Personal information
- Born: September 21, 1998 (age 27) Belgrade, Serbia
- Listed height: 6 ft 6 in (1.98 m)

Career information
- WNBA draft: 2020: undrafted
- Playing career: 2016–present

Career history
- 2016–2019: USO Mondeville
- 2019–2023: Tarbes Gespe Bigorre
- 2023–present: Diósgyőri VTK
- Stats at Basketball Reference

= Ana Tadić =

French-Serbian basketball player (born 1998)

Ana Tadić (born September 21, 1998) is a French-Serbian professional basketball player. She plays for DVTK in the EuroLeague and Hungarian National Championship and, formerly, Tarbes Gespe Bigorre and USO Mondeville in the French women's league. Tadić represents France on their women's national basketball team.

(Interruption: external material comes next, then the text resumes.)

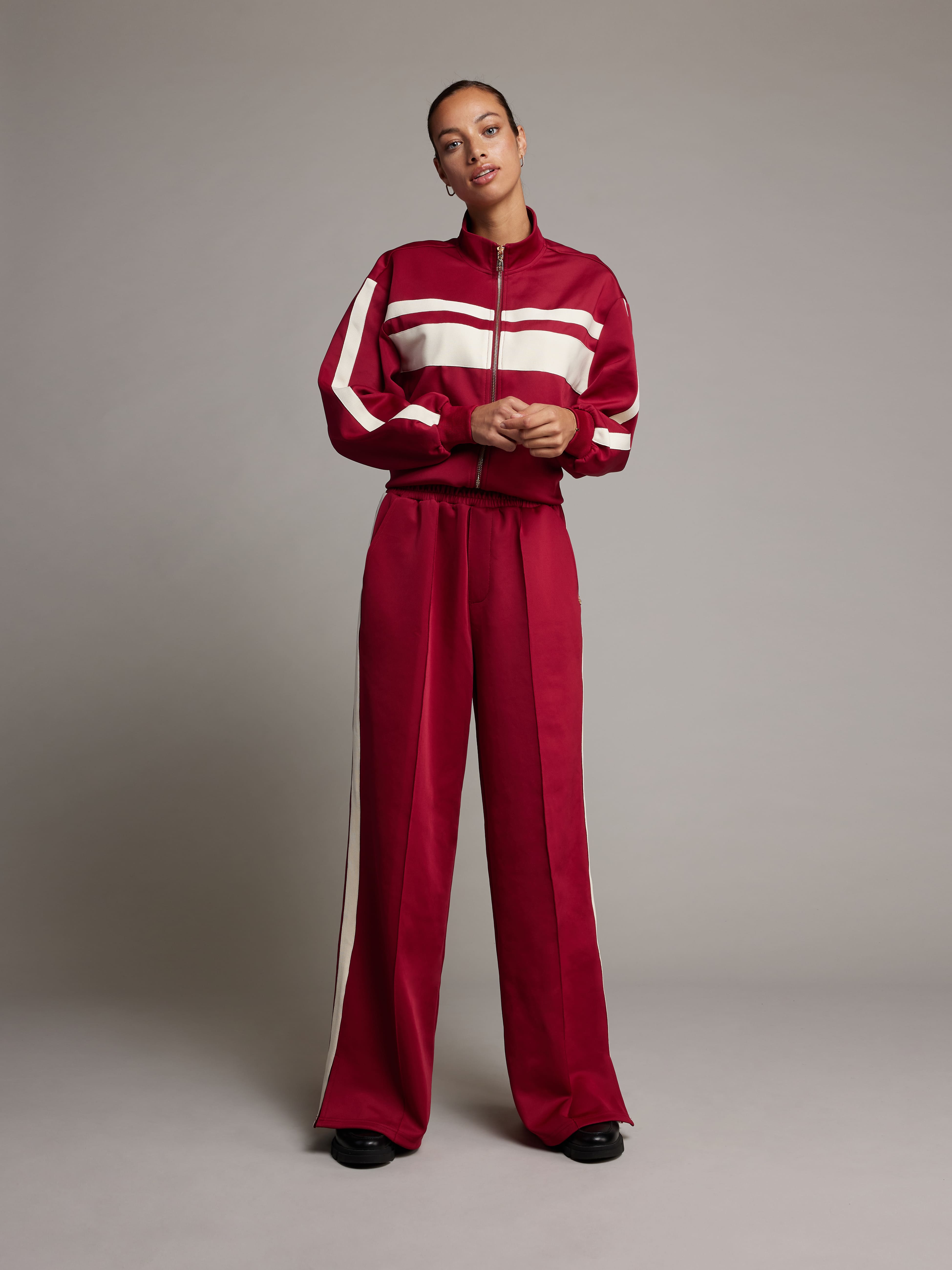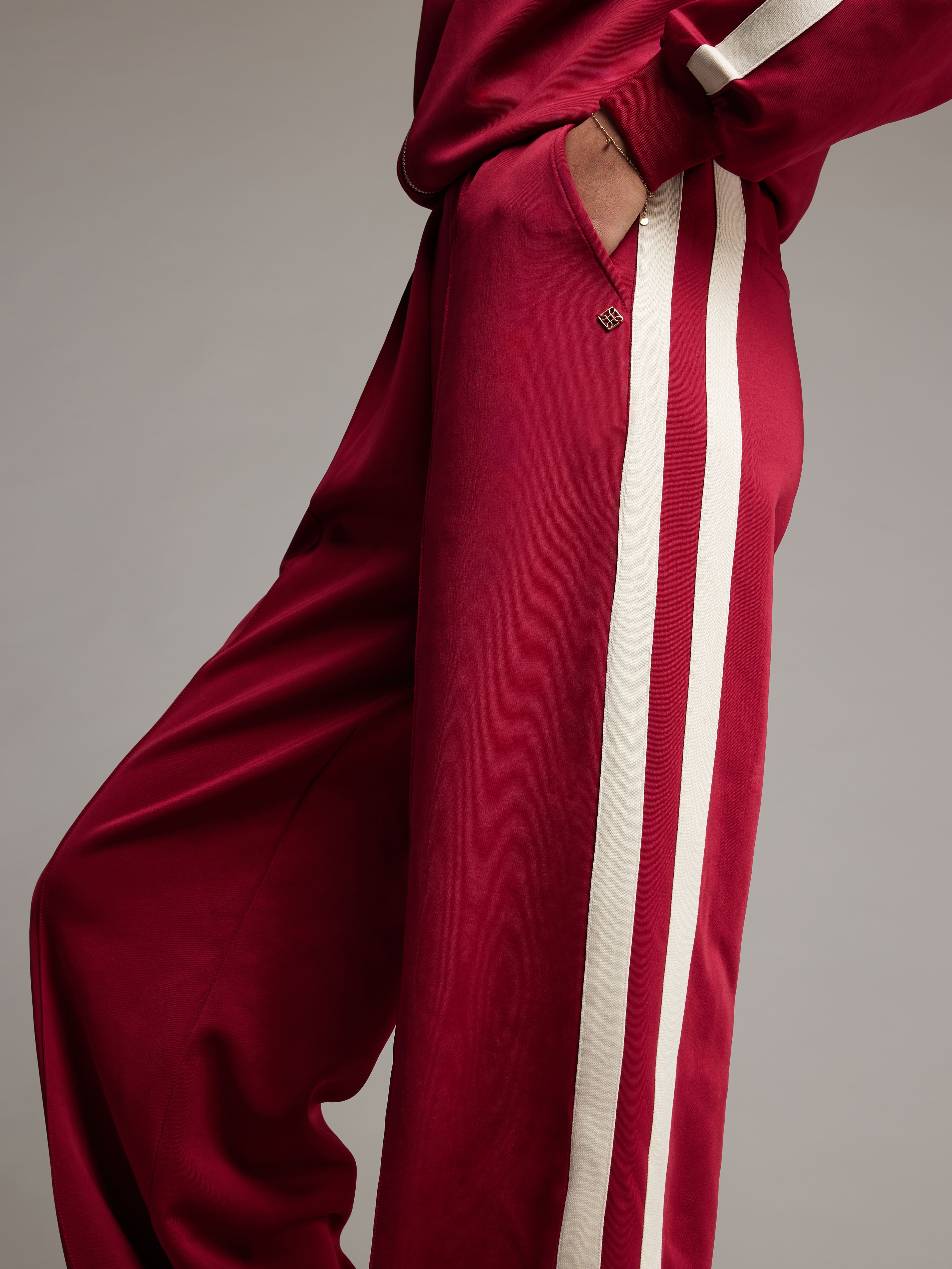 The Nicole Pants are cut from 93% polyester and 7% spandex, giving them a lightweight, flexible feel that’s perfect for all-day comfort. Designed with side pockets and contrast stripes, they bring a sporty yet refined touch. Style them solo or match them with the Taylor Jacket for a complete set.

== Early life and career ==
Born in Serbia, Tadić is the daughter of former professional basketball player Bojan Tadić. At age eight, she and her family moved to France where her father was playing in the LNB Pro B league. She attended the French sports boarding school INSEP, from which she graduated with honors.

== Career ==

=== National team ===
Tadić competed with the French national team at the 2022 FIBA Women's Basketball World Cup. She previously played on their U16 (2013), U17 (2013–2014), U18 (2016–2016), and U20 (2018) teams.

=== WNBA ===
In March 2024, she signed a WNBA rookie contract with the New York Liberty.
She was waived by the Liberty on April 24, 2024.